▸ **Record excerpts**
BEGIN

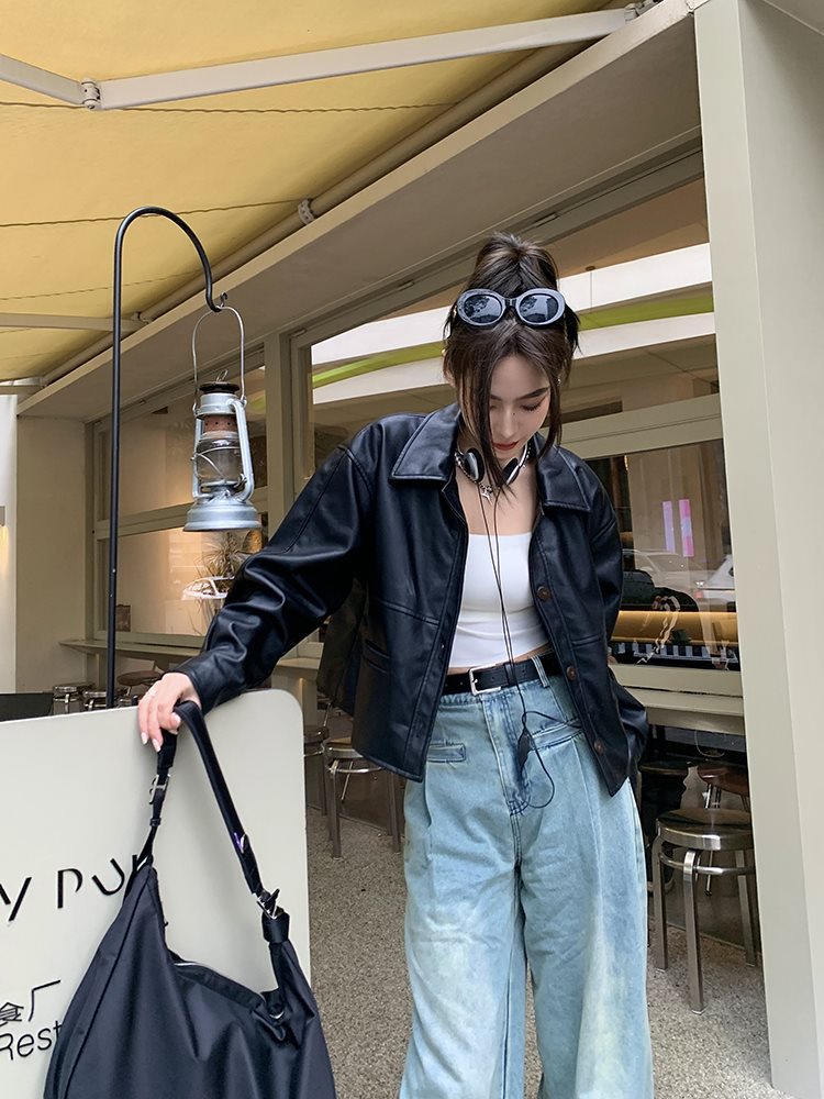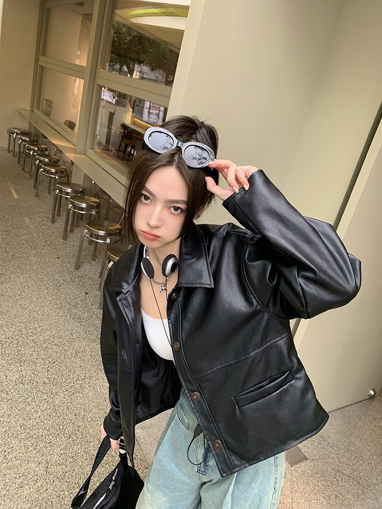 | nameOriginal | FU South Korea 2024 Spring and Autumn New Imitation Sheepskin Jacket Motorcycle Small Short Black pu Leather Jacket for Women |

END
BEGIN

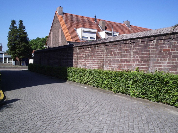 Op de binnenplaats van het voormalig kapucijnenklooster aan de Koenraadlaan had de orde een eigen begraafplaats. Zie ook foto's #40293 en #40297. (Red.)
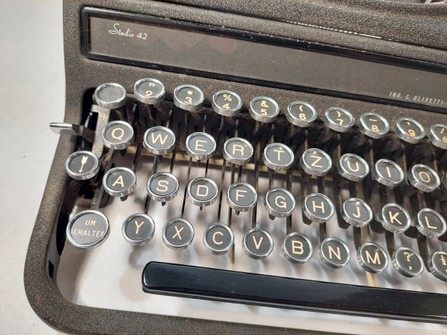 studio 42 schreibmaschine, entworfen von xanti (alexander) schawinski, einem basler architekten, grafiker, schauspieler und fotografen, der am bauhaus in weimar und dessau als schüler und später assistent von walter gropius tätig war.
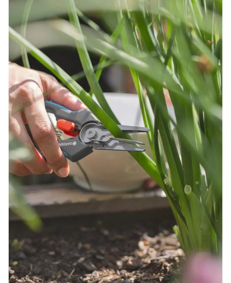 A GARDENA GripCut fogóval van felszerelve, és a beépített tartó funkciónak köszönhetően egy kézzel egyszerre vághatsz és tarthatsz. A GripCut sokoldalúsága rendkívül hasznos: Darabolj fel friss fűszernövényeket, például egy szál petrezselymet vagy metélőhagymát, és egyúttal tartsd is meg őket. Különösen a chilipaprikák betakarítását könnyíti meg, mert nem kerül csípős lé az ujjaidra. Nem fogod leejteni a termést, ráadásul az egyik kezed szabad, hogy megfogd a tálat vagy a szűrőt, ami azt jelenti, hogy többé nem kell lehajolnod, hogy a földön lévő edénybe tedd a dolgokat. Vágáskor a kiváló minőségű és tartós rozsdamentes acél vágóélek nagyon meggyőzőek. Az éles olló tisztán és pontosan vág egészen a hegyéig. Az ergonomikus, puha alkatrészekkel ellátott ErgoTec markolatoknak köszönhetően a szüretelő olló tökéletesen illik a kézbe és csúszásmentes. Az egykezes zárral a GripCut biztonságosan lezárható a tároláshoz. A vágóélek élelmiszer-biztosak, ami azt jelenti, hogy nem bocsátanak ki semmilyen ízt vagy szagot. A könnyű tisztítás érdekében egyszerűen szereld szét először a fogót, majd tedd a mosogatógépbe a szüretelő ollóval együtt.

END

▸ **What needs to be done**
The answer is the lines above from the one with "Op de binnenplaats" to the one with "A GARDENA GripCut", set down exactly, with no pictures.

▸ **Task response**
 Op de binnenplaats van het voormalig kapucijnenklooster aan de Koenraadlaan had de orde een eigen begraafplaats. Zie ook foto's #40293 en #40297. (Red.)
 studio 42 schreibmaschine, entworfen von xanti (alexander) schawinski, einem basler architekten, grafiker, schauspieler und fotografen, der am bauhaus in weimar und dessau als schüler und später assistent von walter gropius tätig war.
 A GARDENA GripCut fogóval van felszerelve, és a beépített tartó funkciónak köszönhetően egy kézzel egyszerre vághatsz és tarthatsz. A GripCut sokoldalúsága rendkívül hasznos: Darabolj fel friss fűszernövényeket, például egy szál petrezselymet vagy metélőhagymát, és egyúttal tartsd is meg őket. Különösen a chilipaprikák betakarítását könnyíti meg, mert nem kerül csípős lé az ujjaidra. Nem fogod leejteni a termést, ráadásul az egyik kezed szabad, hogy megfogd a tálat vagy a szűrőt, ami azt jelenti, hogy többé nem kell lehajolnod, hogy a földön lévő edénybe tedd a dolgokat. Vágáskor a kiváló minőségű és tartós rozsdamentes acél vágóélek nagyon meggyőzőek. Az éles olló tisztán és pontosan vág egészen a hegyéig. Az ergonomikus, puha alkatrészekkel ellátott ErgoTec markolatoknak köszönhetően a szüretelő olló tökéletesen illik a kézbe és csúszásmentes. Az egykezes zárral a GripCut biztonságosan lezárható a tároláshoz. A vágóélek élelmiszer-biztosak, ami azt jelenti, hogy nem bocsátanak ki semmilyen ízt vagy szagot. A könnyű tisztítás érdekében egyszerűen szereld szét először a fogót, majd tedd a mosogatógépbe a szüretelő ollóval együtt.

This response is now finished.